Enhancing the performance of Bi2S3 in electrocatalytic and supercapacitor applications by controlling lattice strain

Lattice-strained Bi2S3 with 3D hierarchical structures are prepared through a top-down route by a topotactic transformation. High-resolution transmission electron microscopy and X-ray diffraction (XRD) confirm the lattice spacing is expanded by prolonged sulfuration.
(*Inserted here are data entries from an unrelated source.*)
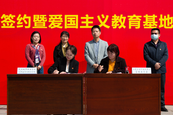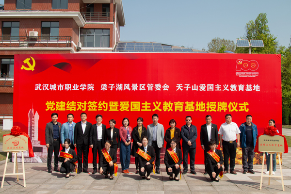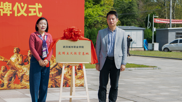 武汉城市职业学院党委宣传部常务副部长杜娟、江夏梁子湖风景区管理委员会主任刘俊共同为武汉城市职业学院爱国主义教育基地授牌。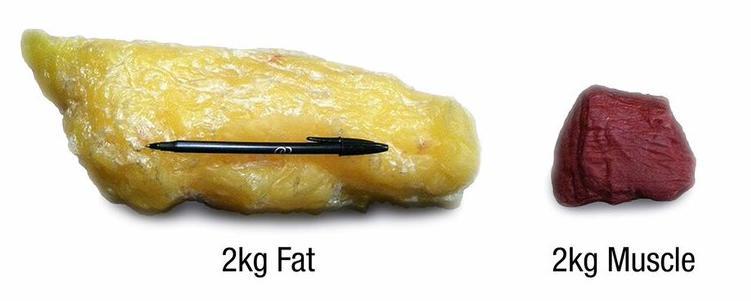 (圖片僅爲示意,不代表真實體積對比)平均而言,哺乳動物肌肉的密度約爲1.1kg/L,脂肪的密度約爲0.9kg/L,同等重量下,肌肉體積更小。丨X@tanay_mandowara
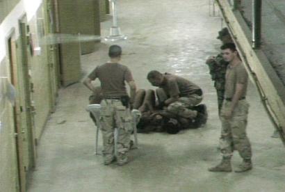 在其中一張照片中,一個(gè)美國(guó)士兵用膝蓋狠狠頂住囚犯的頸部,而這個(gè)囚犯已經(jīng)在地板上縮成一團(tuán)。不愿透露姓名的人士告訴NBC說(shuō),照片中有些人是美國(guó)軍事情報(bào)部門(mén)的官員,其中一個(gè)據(jù)信是情報(bào)官員的男子正在朝囚犯身上扔擲某種無(wú)法辨認(rèn)的物體。
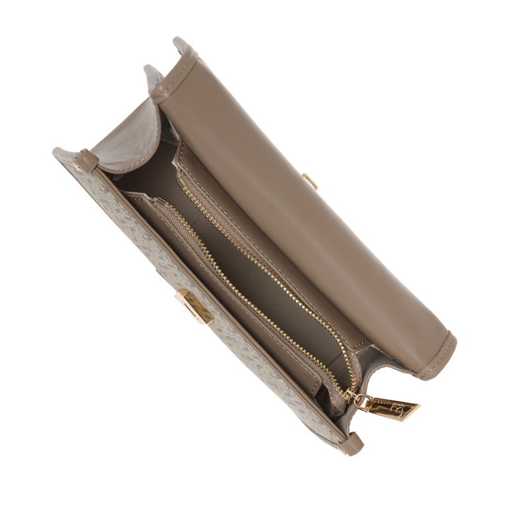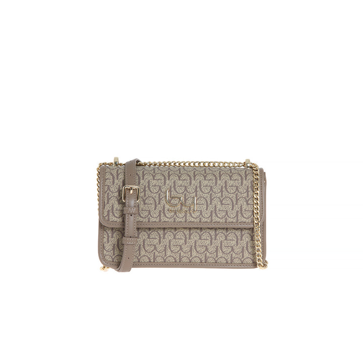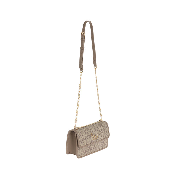 Borsa a tracolla da donna By Byblos in ecopelle fantasia logo all-overe applicazione logo metallico frontale, con patta. Chiusura scomparto principale con zip, tracolla con inserto catena oro regolabile.

Performance studies demonstrate that Bi2S3 with the largest lattice expansion (Bi2S3-9.7%, where 9.7% represents the lattice expansion) exhibits a greater electrocatalytic hydrogen evolution reaction (HER) activity compared to Bi2S3 and Bi2S3-3.2%. Density functional theory calculations reveal the expansion of the lattice spacing reduces the bandwidth and upshifts the band center of the Bi 3d orbits, facilitating electron exchange with the S 2p orbits. The resultant intrinsic electronic configuration exhibits favorable H* adsorption kinetics and a reduced energy barrier for water dissociation in hydrogen evolution. Operando Raman and post-mortem characterizations using XRD and X-ray photoelectron spectroscopy reveal the generation of pseudo-amorphous Bi at the edge of Bi2S3 nanorods of the sample with lattice strain during HER, yielding Bi2S3-9.7%-A. It is worth noting when Bi2S3-9.7%-A is assembled as a positive electrode in an asymmetric supercapacitor, its performance is greatly superior to that of the same device formed using pristine Bi2S3-9.7%. The as-prepared Bi2S3-9.7%-A//activated carbon asymmetric supercapacitor achieves a high specific capacitance of 307.4 F g−1 at 1 A g−1, exhibiting high retention of 84.1% after 10 000 cycles.